Banks are subject to regular oversight by Canadian tax authorities and the banks' prudential regulator, OSFI. Their corporate governance structure includes management and board committees, which oversee risk management, including compliance with tax legislation. I can assure you that banks take these two responsibilities very seriously. Tax evasion is bad business, and reputable financial institutions want no part of it.
I would like to take a few minutes to comment on measures that have been taken to prevent tax evasion.
The OECD has taken a leading role in developing international standards to enhance tax transparency. In 2000, the OECD established the Global Forum on Transparency and Exchange of Information for Tax Purposes. The objective of the global forum is to ensure that all jurisdictions fully implement the international standards on transparency and exchange of information.
The core product of the global forum is a standard for tax information exchange that provides for information exchange on request, including bank and fiduciary information. Put simply, what that means is that any information exchange agreement meeting the global forum standard includes a provision that empowers each government that is party to an agreement to ask another government to obtain and provide information about specific taxpayers, including banking information, if it has reason to believe the taxpayer is evading tax.
This approach to combatting tax evasion is working.
The work of the global forum has accelerated since the G-20 placed emphasis on tax information exchange as the key component to addressing tax evasion. The OECD indicated recently that since 2009, more progress towards full and effective exchange of information has been made than in the past decade. Between April 2009 and February 2011, the number of countries identified as not having implemented the standard shrunk from 44 to 9. Equally important is that all nine of these countries have committed to implementing the standard.
Canada has taken the leading role in this initiative. Canada has built on its already substantial network of tax treaties by concluding tax information exchange agreements with 14 jurisdictions, including several low-tax jurisdictions such as the Cayman Islands, Bermuda, and the Bahamas, and it's negotiating agreements with 11 others. In all cases, the agreements provide for the mutual exchange of tax information that is possessed by or accessible to the taxation authorities of either jurisdiction, in order to better administer and enforce taxation laws and to prevent international fiscal evasion.

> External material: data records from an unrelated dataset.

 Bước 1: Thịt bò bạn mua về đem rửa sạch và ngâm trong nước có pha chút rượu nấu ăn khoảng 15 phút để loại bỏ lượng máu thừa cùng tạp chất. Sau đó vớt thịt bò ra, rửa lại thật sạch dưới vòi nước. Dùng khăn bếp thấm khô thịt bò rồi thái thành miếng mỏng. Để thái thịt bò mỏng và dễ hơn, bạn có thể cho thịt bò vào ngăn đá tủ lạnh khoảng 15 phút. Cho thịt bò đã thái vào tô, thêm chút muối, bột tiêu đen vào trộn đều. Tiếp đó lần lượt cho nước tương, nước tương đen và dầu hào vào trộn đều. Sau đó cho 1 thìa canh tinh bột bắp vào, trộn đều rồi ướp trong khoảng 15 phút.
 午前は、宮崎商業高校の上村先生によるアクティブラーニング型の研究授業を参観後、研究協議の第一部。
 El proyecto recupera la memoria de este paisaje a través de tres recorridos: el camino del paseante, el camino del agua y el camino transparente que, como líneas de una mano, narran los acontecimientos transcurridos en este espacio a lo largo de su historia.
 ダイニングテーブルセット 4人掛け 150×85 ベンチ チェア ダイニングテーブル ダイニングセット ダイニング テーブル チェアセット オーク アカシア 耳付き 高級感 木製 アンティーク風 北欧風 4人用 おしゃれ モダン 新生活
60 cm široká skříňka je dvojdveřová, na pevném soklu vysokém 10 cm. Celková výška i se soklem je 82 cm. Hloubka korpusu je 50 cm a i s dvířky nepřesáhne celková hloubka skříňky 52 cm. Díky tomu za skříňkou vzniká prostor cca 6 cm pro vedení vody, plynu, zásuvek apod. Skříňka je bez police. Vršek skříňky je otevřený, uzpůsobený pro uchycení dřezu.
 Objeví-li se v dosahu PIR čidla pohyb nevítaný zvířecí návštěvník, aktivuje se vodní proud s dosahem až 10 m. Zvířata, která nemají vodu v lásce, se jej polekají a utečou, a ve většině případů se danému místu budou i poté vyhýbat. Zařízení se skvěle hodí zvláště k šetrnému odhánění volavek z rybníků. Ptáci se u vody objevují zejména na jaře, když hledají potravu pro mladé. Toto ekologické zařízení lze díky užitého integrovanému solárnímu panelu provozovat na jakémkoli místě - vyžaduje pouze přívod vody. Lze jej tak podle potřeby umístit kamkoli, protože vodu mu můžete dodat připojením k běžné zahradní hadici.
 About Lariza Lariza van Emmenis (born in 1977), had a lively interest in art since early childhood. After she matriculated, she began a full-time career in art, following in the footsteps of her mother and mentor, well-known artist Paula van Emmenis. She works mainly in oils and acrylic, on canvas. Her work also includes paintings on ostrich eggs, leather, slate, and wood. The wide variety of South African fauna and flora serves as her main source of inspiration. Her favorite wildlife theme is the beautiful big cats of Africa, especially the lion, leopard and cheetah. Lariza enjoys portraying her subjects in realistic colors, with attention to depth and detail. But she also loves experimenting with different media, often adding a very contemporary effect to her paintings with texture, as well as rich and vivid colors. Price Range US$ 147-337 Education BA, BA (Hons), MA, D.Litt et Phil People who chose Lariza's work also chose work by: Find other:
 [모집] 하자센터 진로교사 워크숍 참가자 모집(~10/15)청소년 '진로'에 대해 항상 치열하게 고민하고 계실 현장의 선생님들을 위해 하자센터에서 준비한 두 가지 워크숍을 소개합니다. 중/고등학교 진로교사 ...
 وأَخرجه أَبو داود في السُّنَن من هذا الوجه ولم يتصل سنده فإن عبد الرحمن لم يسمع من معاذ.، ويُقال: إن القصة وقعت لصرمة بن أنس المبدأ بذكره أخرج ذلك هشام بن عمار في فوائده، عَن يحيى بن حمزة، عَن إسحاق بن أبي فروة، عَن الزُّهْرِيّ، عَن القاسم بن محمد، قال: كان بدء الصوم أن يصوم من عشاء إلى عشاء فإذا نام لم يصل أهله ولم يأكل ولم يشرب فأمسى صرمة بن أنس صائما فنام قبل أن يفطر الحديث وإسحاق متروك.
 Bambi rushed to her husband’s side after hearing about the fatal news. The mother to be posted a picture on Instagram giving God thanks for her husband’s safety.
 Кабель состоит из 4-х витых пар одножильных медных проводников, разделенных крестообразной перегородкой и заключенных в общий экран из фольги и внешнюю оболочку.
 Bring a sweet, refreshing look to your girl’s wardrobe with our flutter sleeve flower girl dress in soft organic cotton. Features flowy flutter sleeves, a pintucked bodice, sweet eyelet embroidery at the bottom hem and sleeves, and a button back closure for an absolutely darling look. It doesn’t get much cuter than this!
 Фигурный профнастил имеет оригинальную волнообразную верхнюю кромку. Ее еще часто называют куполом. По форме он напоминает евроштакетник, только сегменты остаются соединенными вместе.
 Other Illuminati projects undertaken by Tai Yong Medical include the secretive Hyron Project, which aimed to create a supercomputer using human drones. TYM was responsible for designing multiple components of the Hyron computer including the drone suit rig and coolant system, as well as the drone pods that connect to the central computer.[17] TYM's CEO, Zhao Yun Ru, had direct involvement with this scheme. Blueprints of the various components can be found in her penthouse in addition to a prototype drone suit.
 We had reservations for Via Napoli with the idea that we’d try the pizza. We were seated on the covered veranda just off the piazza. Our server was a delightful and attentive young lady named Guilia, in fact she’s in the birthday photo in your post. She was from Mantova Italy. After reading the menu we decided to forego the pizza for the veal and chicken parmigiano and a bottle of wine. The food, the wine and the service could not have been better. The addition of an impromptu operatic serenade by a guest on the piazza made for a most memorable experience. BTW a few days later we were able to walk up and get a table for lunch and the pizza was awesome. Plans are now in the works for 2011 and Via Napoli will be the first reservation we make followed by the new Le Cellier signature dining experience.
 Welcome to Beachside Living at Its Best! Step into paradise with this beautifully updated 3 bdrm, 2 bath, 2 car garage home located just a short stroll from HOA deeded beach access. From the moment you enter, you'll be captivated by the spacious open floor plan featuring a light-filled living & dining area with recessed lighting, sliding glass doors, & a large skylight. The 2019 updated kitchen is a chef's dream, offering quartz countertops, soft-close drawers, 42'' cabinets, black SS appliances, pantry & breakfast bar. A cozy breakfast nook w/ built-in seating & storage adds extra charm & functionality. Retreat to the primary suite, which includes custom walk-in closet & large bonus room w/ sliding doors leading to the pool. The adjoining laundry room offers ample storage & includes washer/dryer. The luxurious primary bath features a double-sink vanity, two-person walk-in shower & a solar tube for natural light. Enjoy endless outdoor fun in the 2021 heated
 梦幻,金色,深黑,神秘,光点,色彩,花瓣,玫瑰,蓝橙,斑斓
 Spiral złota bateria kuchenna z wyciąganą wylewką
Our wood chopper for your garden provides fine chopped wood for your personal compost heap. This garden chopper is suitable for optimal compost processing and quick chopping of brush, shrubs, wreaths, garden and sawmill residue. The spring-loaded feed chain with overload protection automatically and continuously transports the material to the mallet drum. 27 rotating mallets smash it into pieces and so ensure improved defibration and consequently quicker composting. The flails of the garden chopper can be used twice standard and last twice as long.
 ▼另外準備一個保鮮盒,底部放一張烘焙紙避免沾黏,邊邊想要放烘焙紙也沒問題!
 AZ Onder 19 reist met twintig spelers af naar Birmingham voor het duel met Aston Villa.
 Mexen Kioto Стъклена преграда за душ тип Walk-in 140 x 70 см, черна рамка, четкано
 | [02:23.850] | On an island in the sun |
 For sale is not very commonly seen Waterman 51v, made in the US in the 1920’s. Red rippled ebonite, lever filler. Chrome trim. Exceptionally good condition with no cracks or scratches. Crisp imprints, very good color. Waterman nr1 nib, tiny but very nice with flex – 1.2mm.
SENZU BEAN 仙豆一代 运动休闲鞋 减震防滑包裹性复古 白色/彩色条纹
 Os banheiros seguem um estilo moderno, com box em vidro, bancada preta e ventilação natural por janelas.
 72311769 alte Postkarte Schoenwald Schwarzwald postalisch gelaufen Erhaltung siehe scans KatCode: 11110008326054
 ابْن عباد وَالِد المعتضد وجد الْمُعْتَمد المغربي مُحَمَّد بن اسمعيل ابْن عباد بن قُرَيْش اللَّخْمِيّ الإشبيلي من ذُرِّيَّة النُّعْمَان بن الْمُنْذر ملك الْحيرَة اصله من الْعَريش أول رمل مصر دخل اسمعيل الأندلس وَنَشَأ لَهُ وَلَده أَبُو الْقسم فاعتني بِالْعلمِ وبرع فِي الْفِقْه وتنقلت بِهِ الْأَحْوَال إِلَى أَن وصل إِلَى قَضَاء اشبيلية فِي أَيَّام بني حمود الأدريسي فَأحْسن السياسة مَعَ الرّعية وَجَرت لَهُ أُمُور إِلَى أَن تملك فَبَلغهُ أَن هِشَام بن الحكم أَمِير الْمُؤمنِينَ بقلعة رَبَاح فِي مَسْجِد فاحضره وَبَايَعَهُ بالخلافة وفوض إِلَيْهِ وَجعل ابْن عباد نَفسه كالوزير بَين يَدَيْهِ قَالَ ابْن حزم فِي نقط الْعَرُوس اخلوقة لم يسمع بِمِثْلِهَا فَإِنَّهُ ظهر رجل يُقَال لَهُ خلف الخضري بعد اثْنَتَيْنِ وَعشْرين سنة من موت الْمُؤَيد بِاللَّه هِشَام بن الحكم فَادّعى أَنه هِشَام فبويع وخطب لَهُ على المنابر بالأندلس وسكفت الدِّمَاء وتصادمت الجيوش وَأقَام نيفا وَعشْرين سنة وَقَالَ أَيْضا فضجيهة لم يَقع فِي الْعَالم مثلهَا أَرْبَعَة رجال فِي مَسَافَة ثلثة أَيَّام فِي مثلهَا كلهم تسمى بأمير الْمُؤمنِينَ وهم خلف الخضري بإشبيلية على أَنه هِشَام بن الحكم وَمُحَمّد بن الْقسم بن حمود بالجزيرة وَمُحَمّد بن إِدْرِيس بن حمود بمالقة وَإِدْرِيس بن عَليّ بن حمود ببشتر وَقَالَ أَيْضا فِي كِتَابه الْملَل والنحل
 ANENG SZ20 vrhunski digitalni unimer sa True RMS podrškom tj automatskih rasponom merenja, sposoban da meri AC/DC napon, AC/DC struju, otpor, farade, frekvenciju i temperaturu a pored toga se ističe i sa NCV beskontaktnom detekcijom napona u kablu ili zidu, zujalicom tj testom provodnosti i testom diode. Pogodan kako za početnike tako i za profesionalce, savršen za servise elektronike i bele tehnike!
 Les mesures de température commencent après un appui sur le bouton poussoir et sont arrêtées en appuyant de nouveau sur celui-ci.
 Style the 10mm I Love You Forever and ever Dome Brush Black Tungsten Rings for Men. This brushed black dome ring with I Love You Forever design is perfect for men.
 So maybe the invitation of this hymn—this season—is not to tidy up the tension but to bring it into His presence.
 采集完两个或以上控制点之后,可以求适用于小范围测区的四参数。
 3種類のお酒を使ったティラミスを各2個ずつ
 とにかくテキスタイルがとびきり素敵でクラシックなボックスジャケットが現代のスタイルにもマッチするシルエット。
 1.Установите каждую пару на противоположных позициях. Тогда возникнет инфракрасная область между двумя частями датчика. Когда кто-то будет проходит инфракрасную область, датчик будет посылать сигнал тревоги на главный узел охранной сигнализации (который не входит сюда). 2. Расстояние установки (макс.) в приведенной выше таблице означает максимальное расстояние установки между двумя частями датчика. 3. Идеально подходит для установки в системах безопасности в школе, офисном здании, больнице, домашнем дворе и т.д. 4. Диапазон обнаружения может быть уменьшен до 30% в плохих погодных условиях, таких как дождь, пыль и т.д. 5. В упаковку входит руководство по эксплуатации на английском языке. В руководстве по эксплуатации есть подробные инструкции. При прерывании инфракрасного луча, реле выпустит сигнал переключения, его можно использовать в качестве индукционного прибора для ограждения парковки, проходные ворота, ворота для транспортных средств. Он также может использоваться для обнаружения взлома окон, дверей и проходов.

In short, the Canadian government has made it a priority to ensure that it has the ability to investigate instances where tax evasion may be taking place. We encourage the government to pursue more such agreements. The government has also taken action domestically to better utilize the tools that are already available to help identify and take action on transactions that may be linked to tax evasion. In the 2010 federal budget, the government made tax evasion a predicate offence under the Criminal Code. If financial institutions suspect a transaction relates to laundering money received as a result of tax evasion, it must report those suspicions to FINTRAC. Again, we support this measure.
Although Canada already has a strong and robust system for dealing with tax evasion, certainly it can always be made better. For example, there may be ways to build on Canada's extensive network of information exchange agreements with other countries by expanding the network to include more jurisdictions. Alternatively, the government could consider incorporating the automated information non-resident reporting features that exist in the Canada-U.S. tax treaty into tax treaties and information exchange agreements with other countries. The committee may wish to explore these and other options as you weigh the evidence you have received and make your recommendations.
Thank you for your attention. We would be pleased to answer any questions members of the committee may have.